This week teachers and principals from across our school sites engaged in professional development sessions aimed at learning about new and existing curricula, supporting students socially and emotionally, and assessing students accurately.
Teachers and staff from Love, Earhart, and Ruby Bridges Elementary Schools,for instance, spent a day this week working with Dr. Sharroky Hollie, Executive Director of the Center for Culturally Responsive Teaching and Learning, and author of Strategies for Culturally and Linguistically Responsive Teaching and Learning (2015) and Culturally and Linguistically Responsive Teaching and Learning: Classroom Practices for Student Success (2011).Hollie’s work focuses on helping teachers learn to validate and affirm their students’ cultural and linguistic backgrounds and then build connections in the classroom that help students feel engaged, ready to learn, and able to succeed.
“Today we’re focusing on our mind sets and our skill sets as we talk about issues around bias and behaviors that we may not
understand as being cultural,” Dr. Hollie told us.“These can lead us to being unintentionally negative or consequential.”Dr. Hollie also showed teachers very practical ways of learning to relate, talk to, and teach students differently by “seeing cultural behaviors as assets, not liabilities.”
Teachers in AUSD have been studying Dr. Hollie’s work since 2019. He and his team will be working directly with Ruby Bridges teachers this year, including by visiting their classrooms and giving them feedback on how to be more culturally responsive to their students. Earhart teachers will also be studying Dr. Hollie's work.
Other elementary teachers received professional development on creating positive and inclusive classrooms, supporting literacy, and
teaching math and science. A number attended a session on Inquiry Journeys, the new elementary social studies curriculum that teaches students to approach history from a research perspective, use critical thinking to examine issues from multiple perspectives, and collaborate with others on real world, hands-on projects.
Secondary teachers participated in training on assessing students accurately but also were able to attend sessions on teaching various levels of math, teaching English Learners, and supporting executive function in students receiving special education services. AUSD’s professional development sessions are opportunities for learning new skills, understanding new curricula and policies, and developing new approaches for teaching and supporting their students.

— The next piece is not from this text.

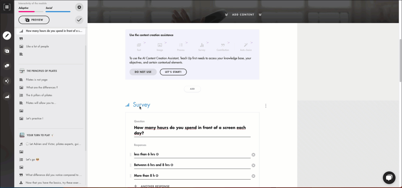 “Add a link”: this option lets you direct participants to external resources for further learning. You can include a link to an article, video, or other relevant material to reinforce the knowledge gained in the course. Simply insert the full URL of the external resource and enter a title, which will appear on the clickable button.

In early August, AUSD principals and assistant principals also gathered to build connections, hear updates on instructional goals for this year, discuss AUSD’s focus on equity and responding to hate speech, and review CAASPP results from last year. They also participated in a six-hour emergency drill with the Alameda Police and Fire Departments, and received a welcome from Superintendent Scuderi about the importance of developing sustainable, balanced, and resonant forms of leadership that, in turn, help all staff on the team grow into their best professional selves.